Exercise brief: Copy every record verbatim but exclude the pictures.

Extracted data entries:
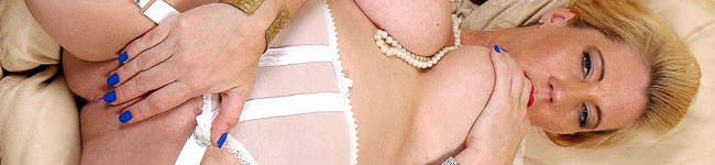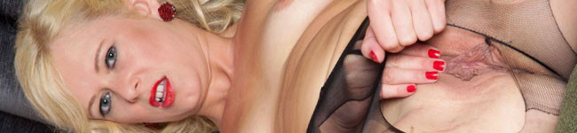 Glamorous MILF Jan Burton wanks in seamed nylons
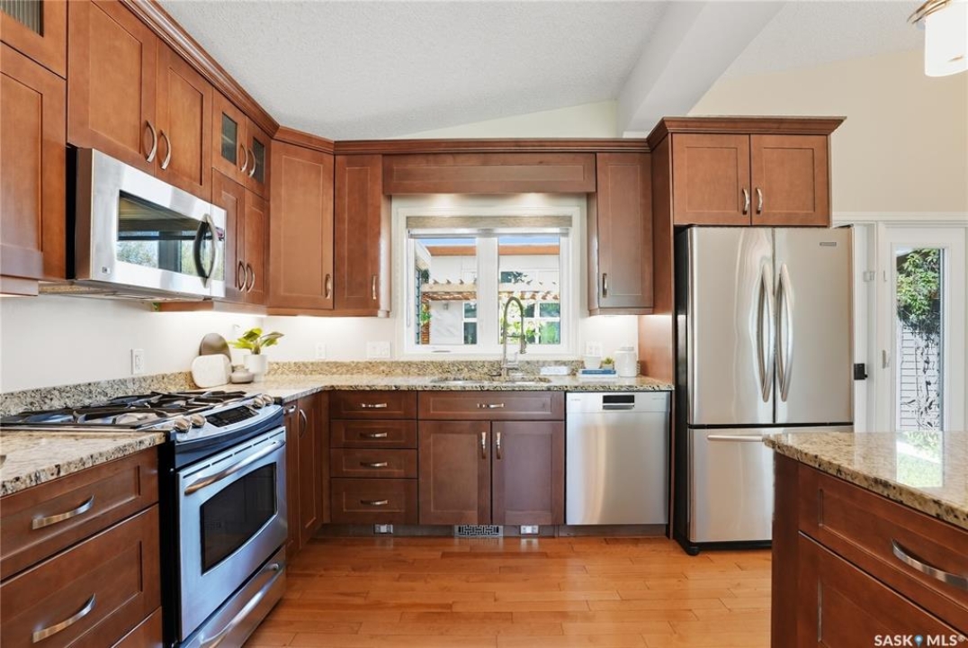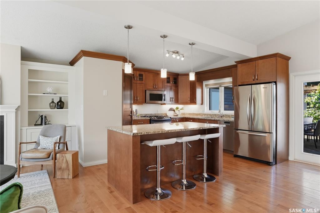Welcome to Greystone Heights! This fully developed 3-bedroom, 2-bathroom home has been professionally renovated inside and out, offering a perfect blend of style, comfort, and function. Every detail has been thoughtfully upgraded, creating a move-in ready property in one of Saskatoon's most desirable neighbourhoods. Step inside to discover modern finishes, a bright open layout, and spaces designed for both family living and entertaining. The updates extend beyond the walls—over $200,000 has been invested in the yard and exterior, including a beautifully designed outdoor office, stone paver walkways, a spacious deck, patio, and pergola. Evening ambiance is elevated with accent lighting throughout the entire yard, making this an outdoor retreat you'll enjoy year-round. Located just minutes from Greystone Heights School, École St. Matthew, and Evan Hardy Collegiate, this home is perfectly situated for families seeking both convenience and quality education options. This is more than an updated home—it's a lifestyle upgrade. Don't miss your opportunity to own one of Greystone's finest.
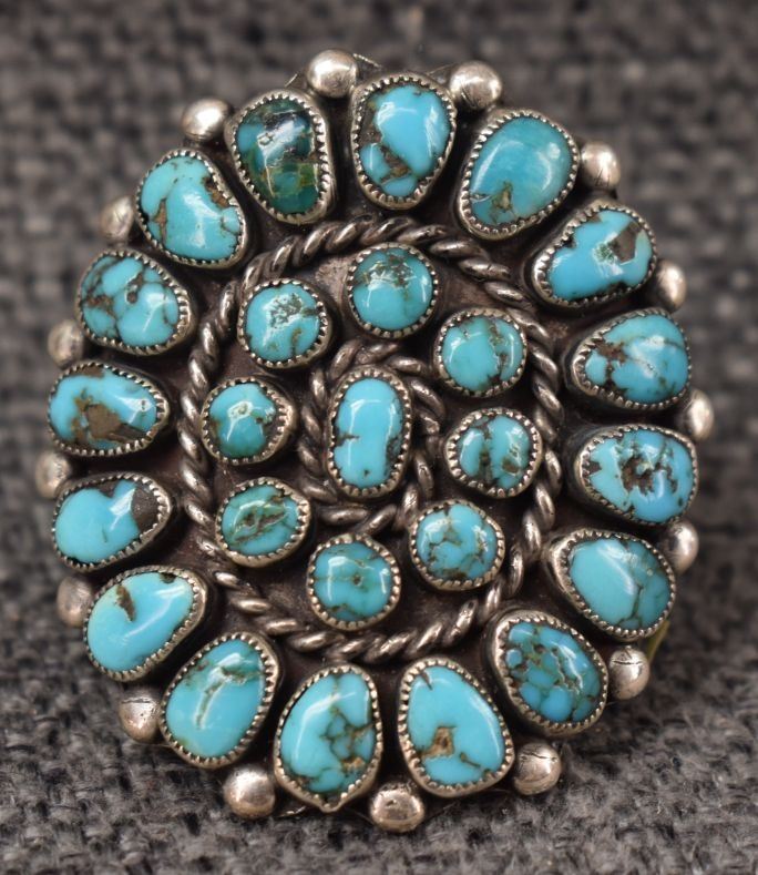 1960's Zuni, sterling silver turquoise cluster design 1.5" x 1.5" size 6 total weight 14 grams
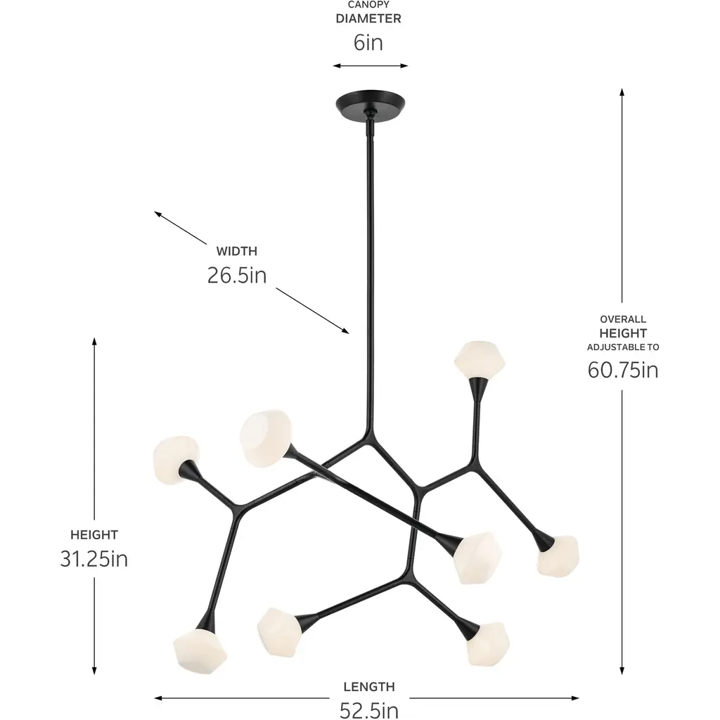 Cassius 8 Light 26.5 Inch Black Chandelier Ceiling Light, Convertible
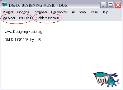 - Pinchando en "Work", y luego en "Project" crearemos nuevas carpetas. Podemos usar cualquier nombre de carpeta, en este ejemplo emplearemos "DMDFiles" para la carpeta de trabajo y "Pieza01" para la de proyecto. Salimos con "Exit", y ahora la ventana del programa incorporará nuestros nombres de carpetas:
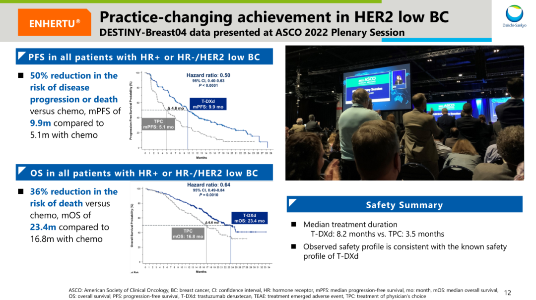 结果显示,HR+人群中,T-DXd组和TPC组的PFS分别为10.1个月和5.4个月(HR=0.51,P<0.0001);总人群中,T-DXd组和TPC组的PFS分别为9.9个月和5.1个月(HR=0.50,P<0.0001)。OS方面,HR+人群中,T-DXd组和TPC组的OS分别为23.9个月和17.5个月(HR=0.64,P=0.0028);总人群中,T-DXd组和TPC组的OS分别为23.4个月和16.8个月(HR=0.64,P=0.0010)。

Expected output:
 Glamorous MILF Jan Burton wanks in seamed nylons
Welcome to Greystone Heights! This fully developed 3-bedroom, 2-bathroom home has been professionally renovated inside and out, offering a perfect blend of style, comfort, and function. Every detail has been thoughtfully upgraded, creating a move-in ready property in one of Saskatoon's most desirable neighbourhoods. Step inside to discover modern finishes, a bright open layout, and spaces designed for both family living and entertaining. The updates extend beyond the walls—over $200,000 has been invested in the yard and exterior, including a beautifully designed outdoor office, stone paver walkways, a spacious deck, patio, and pergola. Evening ambiance is elevated with accent lighting throughout the entire yard, making this an outdoor retreat you'll enjoy year-round. Located just minutes from Greystone Heights School, École St. Matthew, and Evan Hardy Collegiate, this home is perfectly situated for families seeking both convenience and quality education options. This is more than an updated home—it's a lifestyle upgrade. Don't miss your opportunity to own one of Greystone's finest.
 1960's Zuni, sterling silver turquoise cluster design 1.5" x 1.5" size 6 total weight 14 grams
 Cassius 8 Light 26.5 Inch Black Chandelier Ceiling Light, Convertible
 - Pinchando en "Work", y luego en "Project" crearemos nuevas carpetas. Podemos usar cualquier nombre de carpeta, en este ejemplo emplearemos "DMDFiles" para la carpeta de trabajo y "Pieza01" para la de proyecto. Salimos con "Exit", y ahora la ventana del programa incorporará nuestros nombres de carpetas:
 结果显示,HR+人群中,T-DXd组和TPC组的PFS分别为10.1个月和5.4个月(HR=0.51,P<0.0001);总人群中,T-DXd组和TPC组的PFS分别为9.9个月和5.1个月(HR=0.50,P<0.0001)。OS方面,HR+人群中,T-DXd组和TPC组的OS分别为23.9个月和17.5个月(HR=0.64,P=0.0028);总人群中,T-DXd组和TPC组的OS分别为23.4个月和16.8个月(HR=0.64,P=0.0010)。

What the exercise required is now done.